Supported algorithms include:
* MD5
* md5($pass.$salt)
* md5($salt.$pass)
* md5(md5($pass))
* md5(md5($pass).$salt)
* SHA1
* MySQL
* MySQL4.1/MySQL5
* MD4
* NTLM
* Domain Cached Credentials

The binaries can be downloaded from here . The source is currently not available and based on comments by the author he does not plan on making it so anytime soon. Although this is a pain its still a great tool.

My test box is going to be a server we have with 4 Nvidia 295gtx’s. Since a 295 is really 2 cards in one, our test box essentially has 8 video cards.

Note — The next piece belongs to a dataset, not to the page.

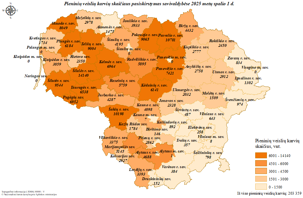Pagrindinis » Statistika » Pieninių veislių karvių skaičiaus pasiskirstymas savivaldybėse 2025 m. spalio 1 d.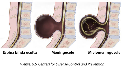 Meningocele: En este tipo de espina bífida, sobresale por la espalda del bebé una especie de bolsa llena de líquido que contiene las estructuras que rodean a la médula espinal. A veces, esta bolsa está cubierta por piel. En la mayoría de los casos, la médula espinal y los nervios son normales o solo están levemente afectados.

Lets have a look at the menu:

bash

  1. [root@tools oclHashcat-0.20]# ./oclHashcat64.bin --help
  2. ./oclHashcat64.bin: /usr/lib64/libOpenCL.so: no version information available (required by ./oclHashcat64.bin)
  3. oclHashcat, advanced password recovery
  4.  
  5. Usage: ./oclHashcat64.bin [options] hashlist wordlist_left|mask_left wordlist_right|mask_right
  6.  
  7. Startup:
  8. -V,  --version             print version
  9. -h,  --help                print help
  10. --eula                print eula
  11.  
  12. Logging and Files:
  13. --restore             restore previous session
  14. --quiet               quiet mode
  15. -o,  --output-file=FILE    output-file for recovered hashes
  16. --output-format=NUM   0 = hash:pass
  17. 1 = hash:hex_pass
  18. 2 = hash:pass:hex_pass
  19. -e,  --salt-file=FILE      salts-file for unsalted hashlists
  20. -j,  --rule-left=RULE      rule applied to each word from left wordlist
  21. -k,  --rule-right=RULE     rule applied to each word from right wordlist
  22.  
  23. Resources:
  24. --restore-options=STR Skip words (left:right) per device. Seperate with comma
  25. -d,  --gpu-devicelist=STR  OCL devices to use. Seperate with comma
  26. -n,  --gpu-accel=NUM       workload tuning: 1=fast desktop, 80=fast crunching
  27. --gpu-loops=NUM       workload fine-tuning if -n is not precise enough
  28.  
  29. Buildin-Masks:
  30.  
  31. ?l = aeionrsdlctbmfuhkgpywjvzxq
  32. ?u = ASERMLNDCTBIPOHKGFUJYWVXZQ
  33. ?d = 1023985476
  34. ?s = .-!_@ *#$+/,&?%=);(^:"[\<'`]>|{}
  35.  
  36. Custom-Masks:
  37. -1,  --custom-mask1=CS     user-defineable masks
  38. -2,  --custom-mask2=CS     example:
  39. -3,  --custom-mask3=CS     --custom-mask3=?dabcdef
  40. -4,  --custom-mask4=CS     sets mask ?3 to 0123456789abcdef
  41.  
  42. Attacks:
  43. -m,  --hash-mode=NUM       number of hash-mode
  44. 0    = MD5
  45. 1    = md5($pass.$salt)
  46. 2    = md5($salt.$pass)
  47. 3    = md5(md5($pass))
  48. 5    = md5(md5($pass).$salt)
  49. 100  = SHA1
  50. 200  = MySQL
  51. 300  = MySQL4.1/MySQL5
  52. 900  = MD4
  53. 1000 = NTLM
  54. 1100 = Domain Cached Credentials
  55. 1500 = DES

As you can see there are quite a few options for hash cracking. For the sake of this article I will be cracking some md5 hashs from hashkiller.com.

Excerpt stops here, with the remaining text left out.